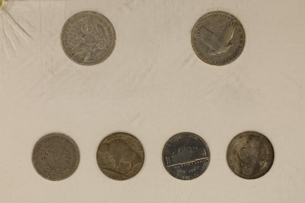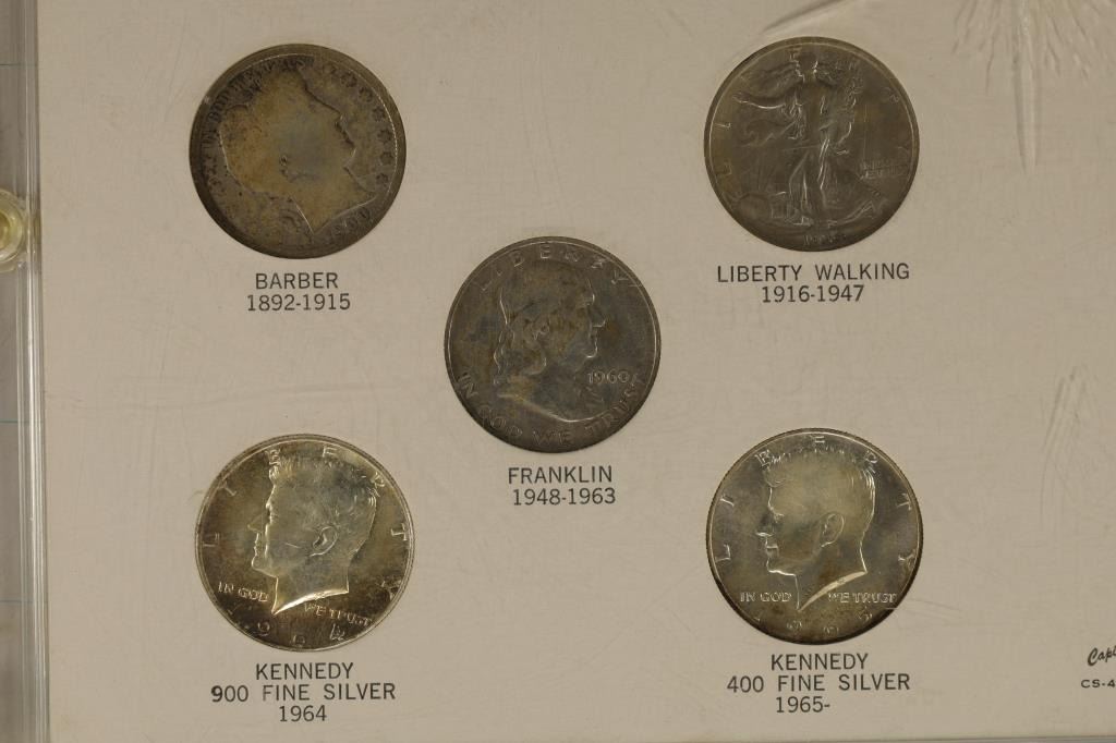 PLASTICS HOLDER: 1922 PEACE SILVER DOLLAR AU++, 1881-S MORGAN SILVER DOLLAR (UNC), 1964 90% SILVER KENNEDY HALF DOLLAR AU+, 1965 40% SILVER JOHN F. KENNEDY HALF AU+, 1960 90% FRANKLIN HALF DOLLAR, 1934 SILVER WALKING
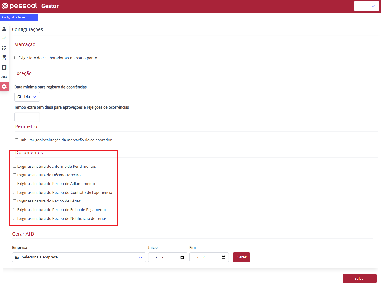 A opção documentos, se refere a configuração de exigência da assinatura nos documentos integrados do sistema Departamento Pessoal.
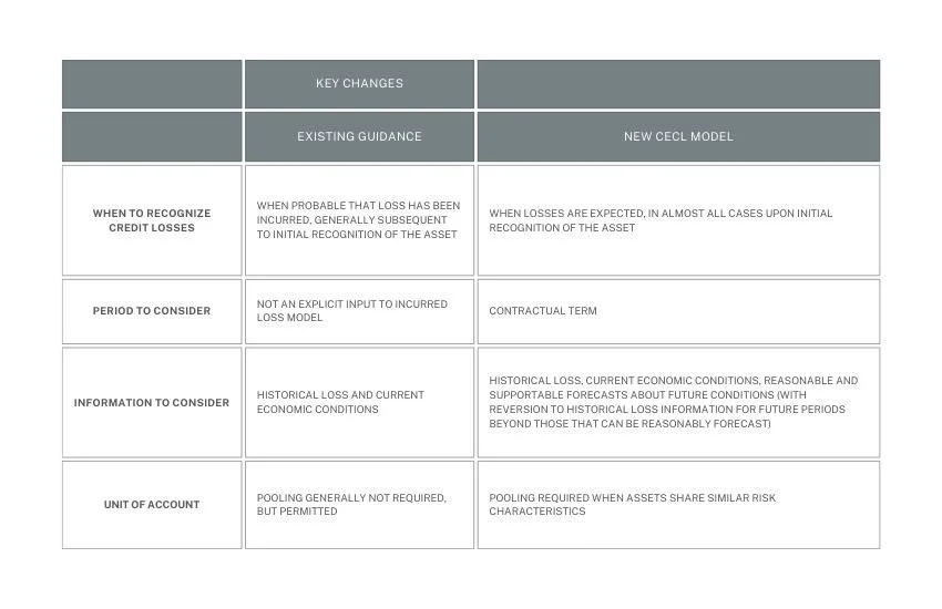 Key changes from existing guidance to the new CECL model are summarized below:
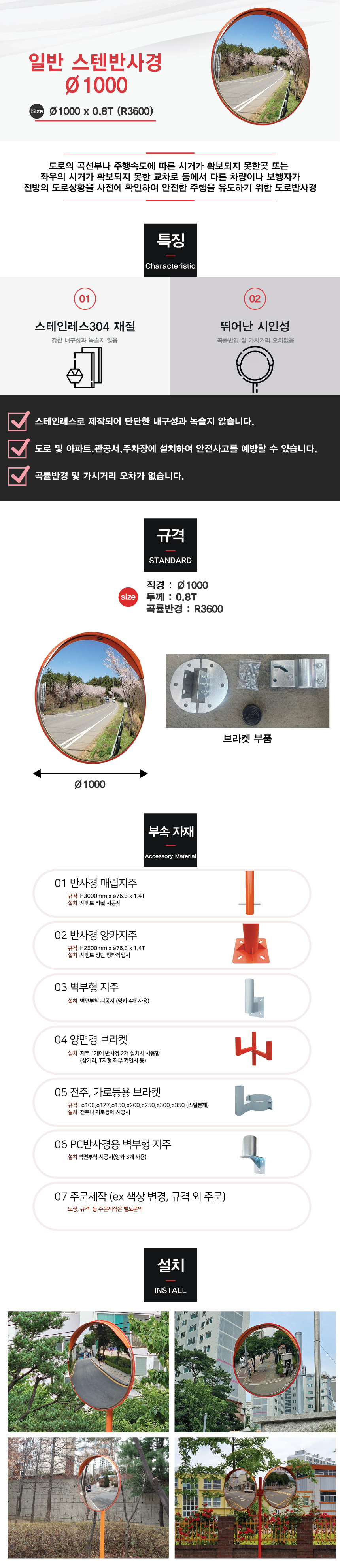 [H-13 반사경 스텐 반사경(일반형)/아파트,상가건물,빌딩등 설치권장함] 일반스텐반사경Ø1000
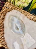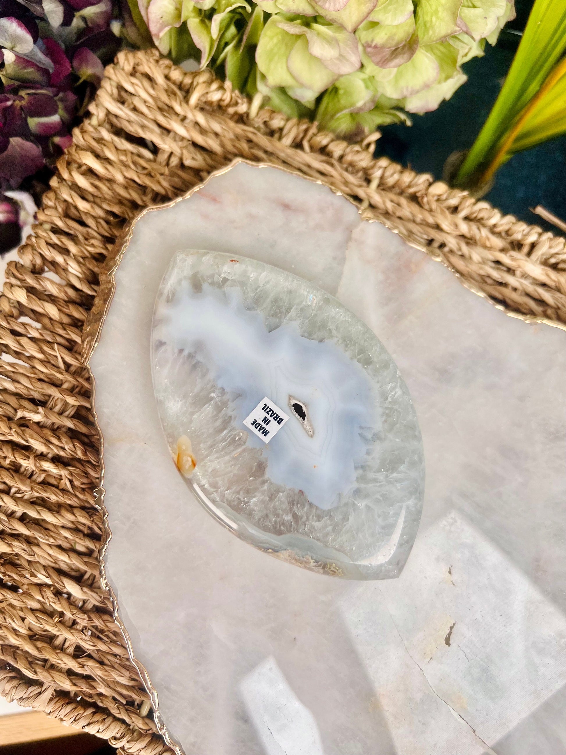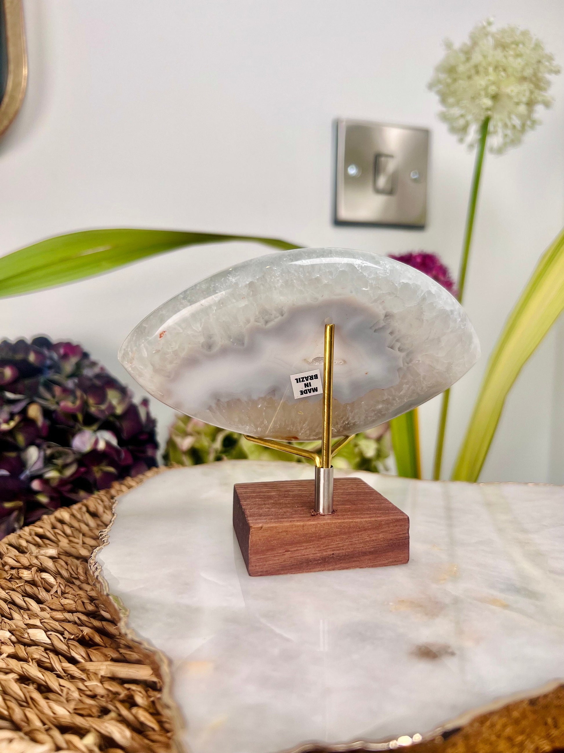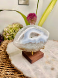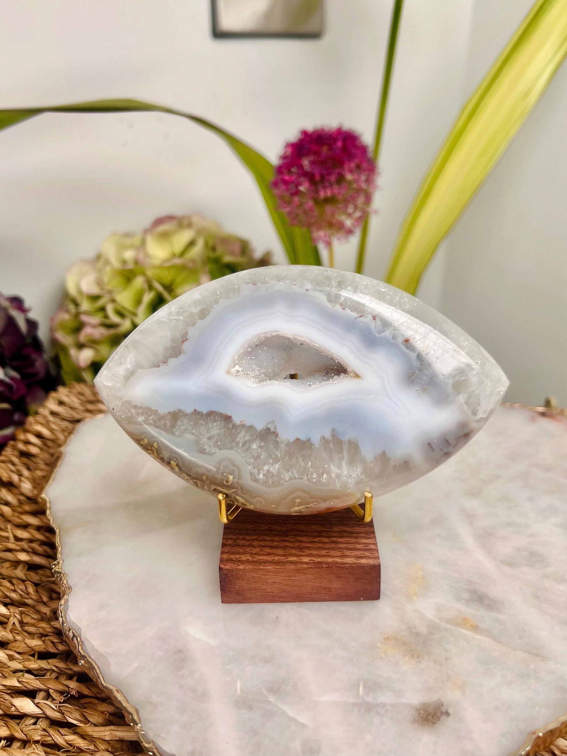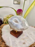 Grade AAA Brazilian Agate Quartz Eye with Druzy Geode on stand, Energy Protection, Third Eye Opening, Manifestation Crystal 301g
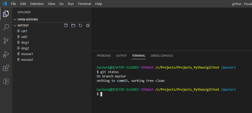 저번 포스팅에서 테스트할 때 사용했던 gitTest라는 폴더를 그대로 사용합니다. git init과 git config 등 초기화 되었다고 가정.(1편 참조)
════
Only the lines from the one with "A opção documentos, se" through the final line of the entries above should be transcribed, exactly and without pictures.

* _ANSWER BOX_
 A opção documentos, se refere a configuração de exigência da assinatura nos documentos integrados do sistema Departamento Pessoal.
 Key changes from existing guidance to the new CECL model are summarized below:
 [H-13 반사경 스텐 반사경(일반형)/아파트,상가건물,빌딩등 설치권장함] 일반스텐반사경Ø1000
 Grade AAA Brazilian Agate Quartz Eye with Druzy Geode on stand, Energy Protection, Third Eye Opening, Manifestation Crystal 301g
 저번 포스팅에서 테스트할 때 사용했던 gitTest라는 폴더를 그대로 사용합니다. git init과 git config 등 초기화 되었다고 가정.(1편 참조)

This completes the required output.